Accurately estimating house prices is a critical factor in the real estate industry. Buyers, sellers, and investors rely on these predictions to make informed financial decisions.

However, predicting house prices is a challenging task due to the complexity of factors influencing property values, such as location, house condition, number of rooms, and market trends. To address this challenge, advanced machine learning techniques can be used to improve price estimation accuracy.

This study explores how machine learning regression models can analyze house characteristics to predict sale prices with a reliable option.

The research is based on a Kaggle competition dataset, "House Prices: Advanced Regression Techniques" which includes 79 features describing properties in Ames, Iowa.

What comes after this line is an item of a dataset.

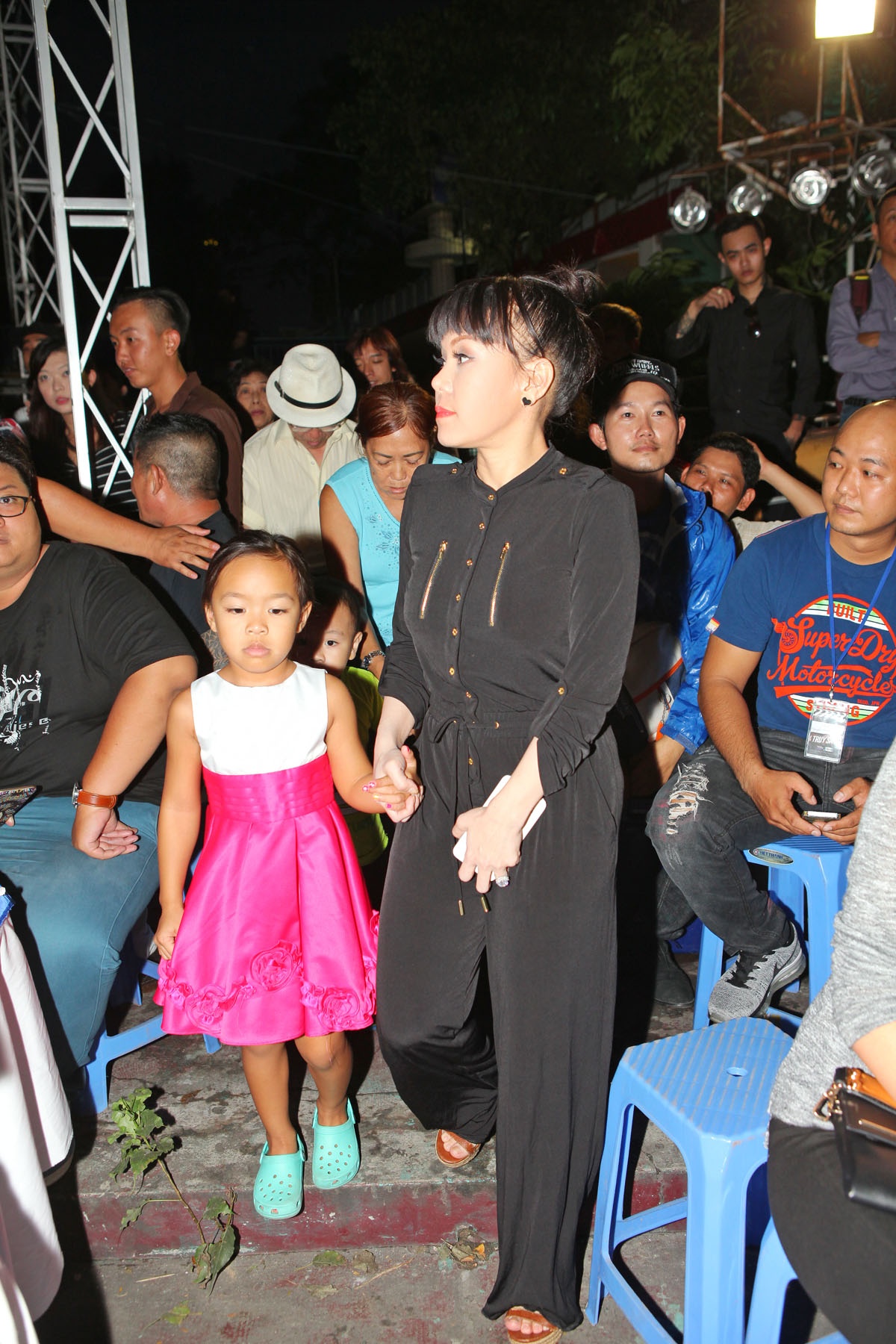 Sân khấu chật kín vì người dân muốn thấy mặt nghệ sĩ khiến các bảo vệ chật vật. Việt Hương chen lấn trong đám đông để đưa người nhà vào trong. |

In this article, we analyze different machine learning models such as Linear Regression, XGBoost, TensorFlow Decision Forest (TF-DF), and XGBoost with Recursive Feature Elimination to help identify the most effective approach for house price prediction.

The primary objectives of this research is as follows:

  1. Understanding the dataset – Identifying key features that impact house prices.
  2. Cleaning and preprocessing the data – Handling missing values and encoding categorical variables.
  3. Testing different regression models – Comparing their accuracy and performance.
  4. Determining feature importance – Analyzing which attributes contribute the most to price prediction.
  5. Recommending an optimal approach – Identifying the best-performing model for real estate valuation.

Housing Dataset Overview

The dataset was compiled by Professor Dean De Cock for research purposes and is considered a more detailed alternative to the commonly used Boston Housing dataset.

The Ames dataset includes 79 features that describe various aspects of residential properties in Ames, Iowa. The dataset provides an excellent resource for conducting statistical and machine learning analysis on real estate pricing.

The dataset is categorized into multiple sections, each describing different property characteristics:

  • Building Characteristics: Type and style of the building (e.g., MSSubClass, BldgType, HouseStyle).
  • Land Specifications: Lot size, shape, and slope (e.g., LotFrontage, LotArea, LotShape, LandSlope).
  • Utilities & Facilities: Home utilities and heating systems (e.g., Utilities, Heating, CentralAir, Electrical).
  • House Structure: Physical attributes such as YearBuilt, RoofStyle, Foundation, GrLivArea, TotalBsmtSF.
  • Quality & Condition: Measures of home quality (e.g., OverallQual, KitchenQual, ExterQual).
  • Additional Features: Garage type, pool area, and fencing (e.g., GarageType, PoolArea, Fence).
  • Sales Information: Sale process details, including sale type and conditions (e.g., SaleType, SaleCondition).

The target variable for the models is SalePrice, which represents the final selling price of a property.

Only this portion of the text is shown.